Vermont
Dying on Lynda’s terms – The Boston Globe
A man emerged from the farmhouse and placed a seat cushion on the frozen ground for her bare, swollen feet and helped her into a wheelchair. Paul took the handles of the chair and gently rolled her toward the farmhouse, the place she had carefully selected to end her life.
Jessica Rinaldi/Globe Staff
She would have preferred to die at her home of more than 20 years in Bridgeport, surrounded by the memories she forged with her husband, her two children, and two grandchildren. Lynda had lingered there, in her house near the ocean, reluctant to leave, even as her condition rapidly deteriorated. But her most urgent wish, the one she had argued and fought for, was to decide for herself when and how she died.
She believed it is a right anyone with a terminal illness should have, akin in importance to a woman’s right to choose whether to end a pregnancy. But medical aid in dying is illegal in her state, as it is in Massachusetts and all but 10 states across the country. In the three years since doctors diagnosed her with terminal ovarian cancer, she had waged a campaign to call public attention to the issue and excoriate policy makers she saw as squeamish about death.
She gave countless interviews and, hoping her story would change policy in Connecticut and elsewhere, allowed a documentary film crew and two Boston Globe journalists to chronicle the last months of her life. She was the face behind a 2022 lawsuit arguing that a Vermont law allowing medical aid in dying only for state residents violated the US Constitution. She prevailed, and the state last spring granted her permission to die there legally.

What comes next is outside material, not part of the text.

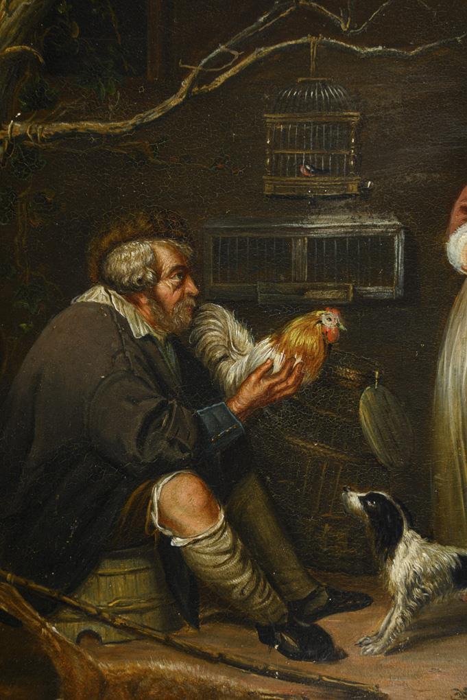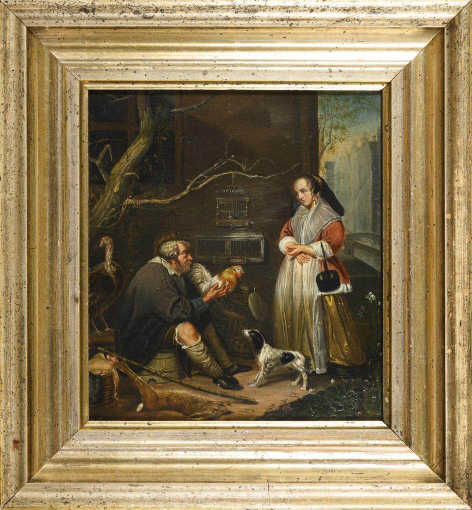 Im Stil des 17. Jahrhunderts gemalter Genreszene mit einem Viehhändler im Gespräch mit einer Kundin.

Two months later, lawmakers went even further, extending the right to all terminally ill patients who wished to end life on their own terms. The change made Vermont the only state besides Oregon to allow medical aid in dying for nonresidents. It was celebrated by proponents as a landmark victory, one that might even persuade other states to shift.
But as the Bluesteins arrived at the farmhouse, a new worry surfaced. Lynda was so weak that she sank deeply in the wheelchair as her husband backed the chair up a ramp to the porch and into the house.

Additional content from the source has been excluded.